At one town there was a bar; it was called ‘The Blue Danube’ in Spanish, this bar near the much-mightier Magdalena. Outside it was a hitching post, with three saddled horses tied to it; the riders were at the window, drinking beer. It was an appropriate wild-west scene in this poor empty land, the settlers’ shacks and the pig-pens and the rumours of emeralds. It was no better in the train. The passengers were either asleep or sitting silently, traumatized by the heat. Half of them were flat-faced Indians in shawls or felt hats.
In the late afternoon, we had word at one station that near Bogotá there had been a derailment, probably caused by a landslide. The Frenchman confirmed this, but said that he didn’t mind – he was getting off at La Dorada. The news of this derailment did not really surprise me. In Barranquilla, Dudley had put me in touch with an American who was working on transport problems. This fellow had shown me the latest statistics for derailments on the line between Santa Marta and Bogotá.

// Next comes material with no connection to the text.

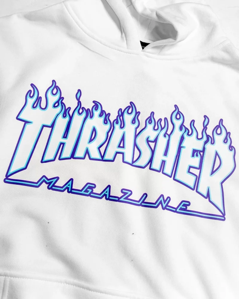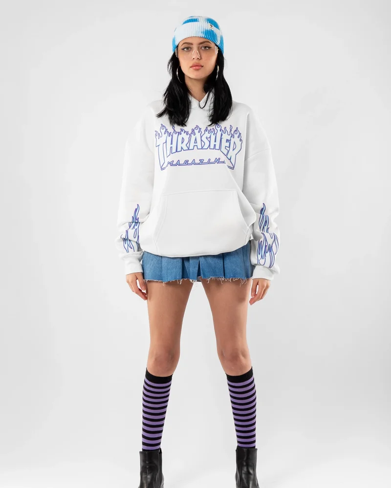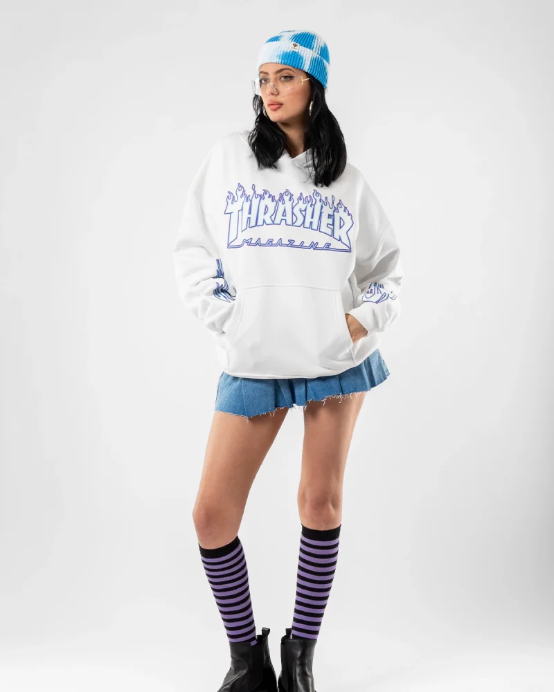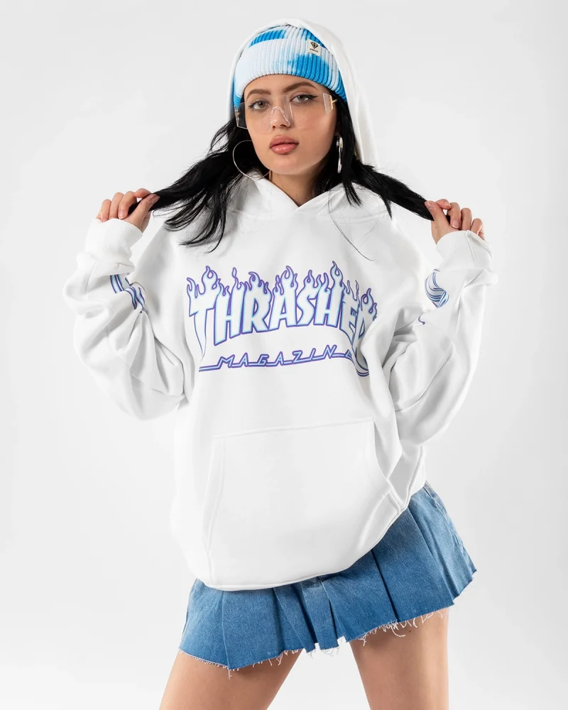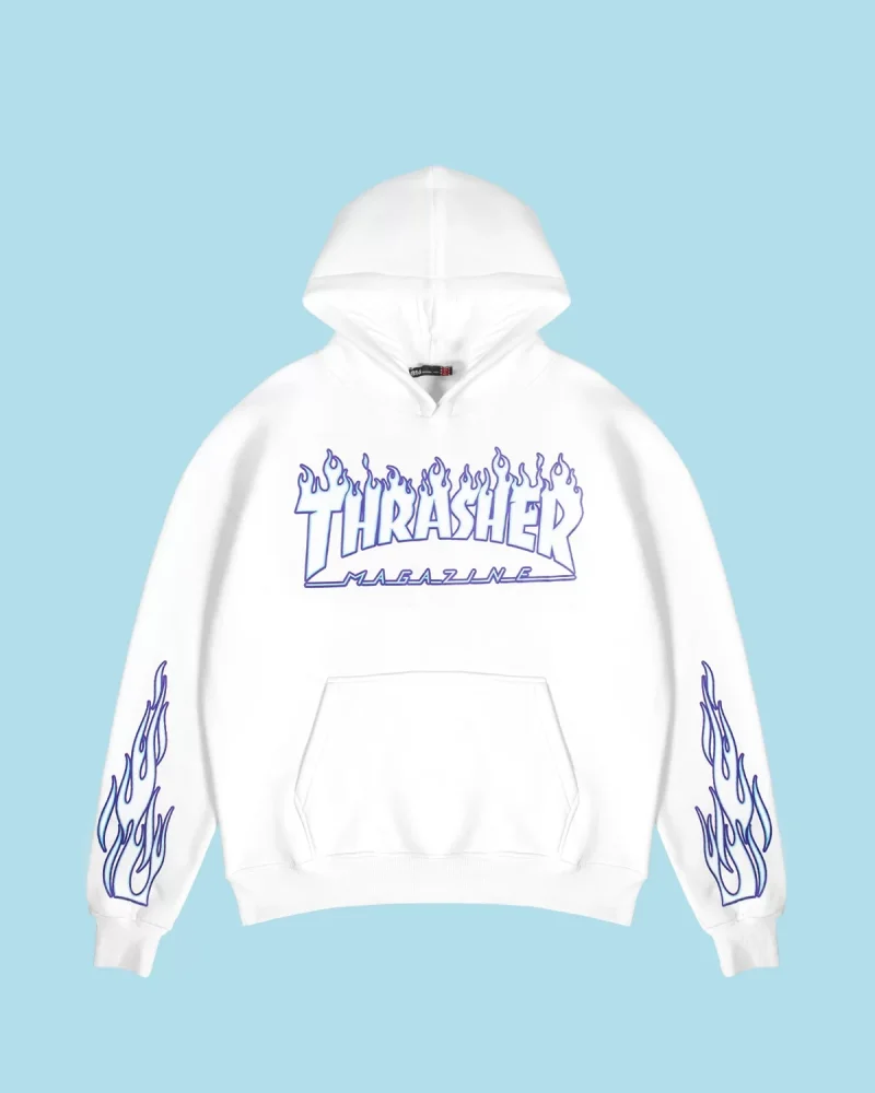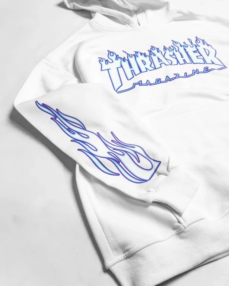 Thrasher Flam Baskılı Oversize Unisex Beyaz Hoodie

He only had the figures up to 1972, but these were enough: in 1970 there were 7,116 derailments, in 1971 there were 5,969, in 1972 there were 4,368. He said the situation was getting worse; so I set out from Santa Marta expecting to be derailed, or to be held up by one. (It is also said that bandits stop this train and rob the passengers, but the Colombians on the train denied that this was so.)
‘You think we’re going to make it?’ I asked the conductor.
‘You will be in Bogotá tonight,’ he said. ‘That is the truth.’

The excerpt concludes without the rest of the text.